Melissa D - A Bad Reaction: A Case Study in Immunology

Lesson Plan for High School Biology

Duration: 45 minutes

Case Studies found at:

Principle(s) Investigated:

Students will be able to illustrate the various roles of immune cells, the physiology of anaphylaxis, and the function of antibodies in immune physiology. The case involves concepts related to histocompatibilities, organ donation, and organ rejection.

California Content Standards Addressed:

10. Organisms have a variety of mechanisms to combat disease. As a basis for understanding the human immune response:

            b.  Students know the role of antibodies in the body’s response to infection.

e.  Students know why an individual with a compromised immune system (for example, a person with AIDS) may be unable to fight off and survive infections by microorganisms that are usually benign.

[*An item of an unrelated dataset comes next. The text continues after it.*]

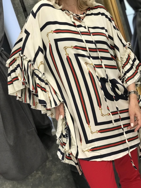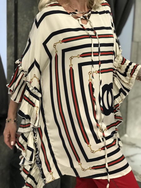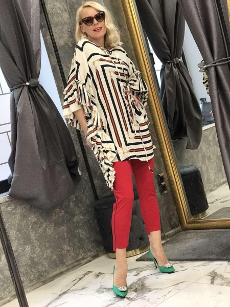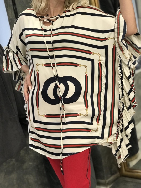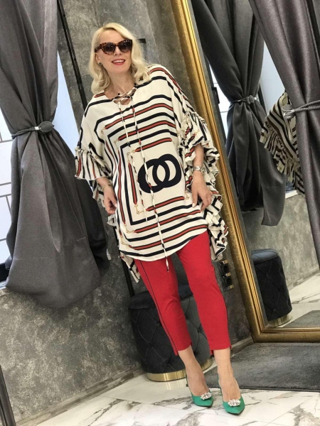 Туника от тънка материя с цветен десен. Моделът е с напълно свободен силует. Размерът е универсален и е подходящ за L, XL, XXL.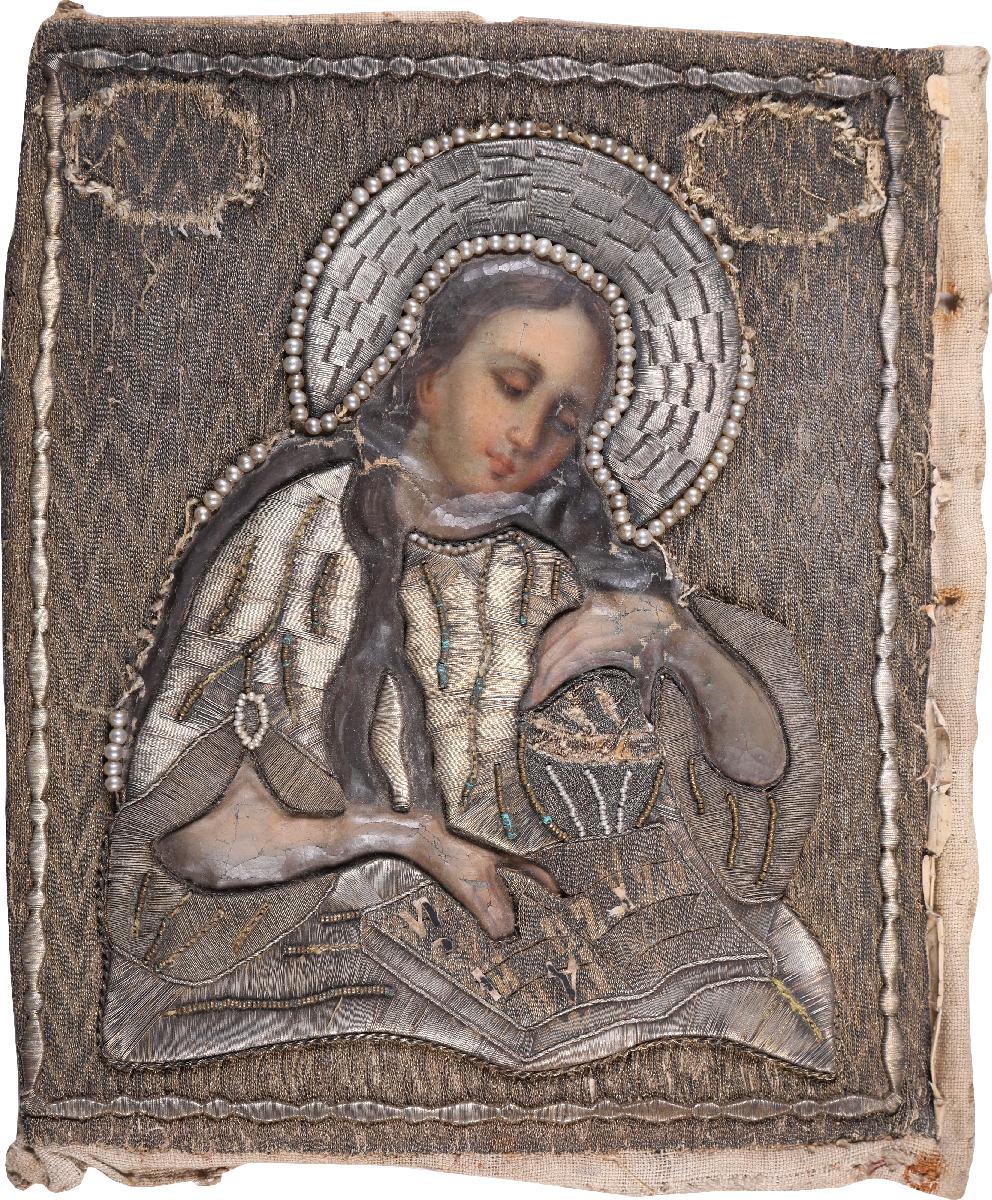 ткань, серебряные нити, золотные нити, искусственный жемчуг, грунт, шитье, маслоРазмер:

f.  Students know the roles of phagocytes, B-lymphocytes, and T-lymphocytes in the immune system


  • Copies of the patient records  (enough copies to supply each group with every record)
  • File Folders (Patient #1, Patient #2, Patient #3)
  • Play money (enough to supply each group with $1200); or “credit”
  • Data recording sheets (each group needs a set of data recording sheets)
  • Record description sheets (each group needs a sheet describing each record)


Part I: "Medical Mystery"

  1. Divide class into 6 groups.
  2. Explain to the class that you, the instructor, is the Director of Grants and Research at a local hospital who has hired them as teams of researchers (the groups) to examine the records of the patients in an attempt to uncover the connections.
  3. Provide a brief introduction that includes a review of (this is all the information they get before strategically selecting the case files) :
    1. Project Goals:
        1. You have been awarded a grant in the amount of $1200.
        2. Your research team is to use this grant to cover the costs of examining the case histories of three patients.
        3. Your goal is to make a diagnosis from these records and design a testable experiment that can be used to obtain future funding.
    2. Case Presentations:
        1. Case #1: November 18, 1989 (22-year--old male)                                                            The patient presented to the ER with complaints of nausea, diarrhea, dizziness, and abdominal cramps. Three hours after being admitted, the patient suffered a cardiorespiratory arrest which resulted in cerebral anoxia, coma, and brain death. Multiple organs were procured for transplant and no autopsy was performed.
        2. Case #2: March 2, 1990 (35-year-old male)                                                                  Patient is a recipient of a liver and right kidney transplant from the patient in case #1. Three months after the transplant, the patient presented in the ER with complaints of dizziness, shortness of breath, nausea, and skin rashes. The patient was interviewed (transcripts available). Several tests were run to determine the general health of the patient and the condition of the transplanted organs. NO DIAGNOSIS AT THIS TIME.
        3. Case #3: March 15, 1990 (27-year-old woman)                                                            Patient #3 was called into the ER for assessment in response to the clinical observations made in case #2. Patient #3 is a recipient of a left kidney and pancreas from Patient #1. The patient was interviewed (transcripts available) and a complete physical was done along with assessment of the transplanted organs. There is no apparent manifestations of any illness or disease in this patient at this time.
    3. Diagnosis: (on hand-out)
    4. Experiment Proposal: (on hand-out)
    5. Contents and Cost of Individual Records: (on hand-out)
    6. Evaluation Criteria: (on hand-out)
    7. Time Limitation for Completion: (on hand-out)
  4. Students will begin to organize and develop a strategy for purchasing the records.
  5. Collect the student work at the given time.

Student Prior Knowledge:

Students have the basic understanding of the various components of the immune system, including the various types of immune cells, the concept of antigen and antibody, and the difference between specific and non-specific defenses.


  • Patient #1 has food allergies and consumed a meal that contained all of those foods (medical history and transcript).
  • Patient #1 has many signs and symptoms of anaphylaxis (vitals and blood tests).
  • Patient #2 had a meal with peanuts prior to presenting in the ER (transcript).
  • Patient #2 has some signs of hypersensitivity reaction.
  • Patient #2, who received a combination liver and kidney transplant, probably received the peanut allergy through the liver because Patient #3 also received a kidney and does not show signs of this allergy (she eats peanut butter and jelly sandwiches).
  • Organ rejection does not seem probable since the organ assessments for Patients #2 and #3 are normal.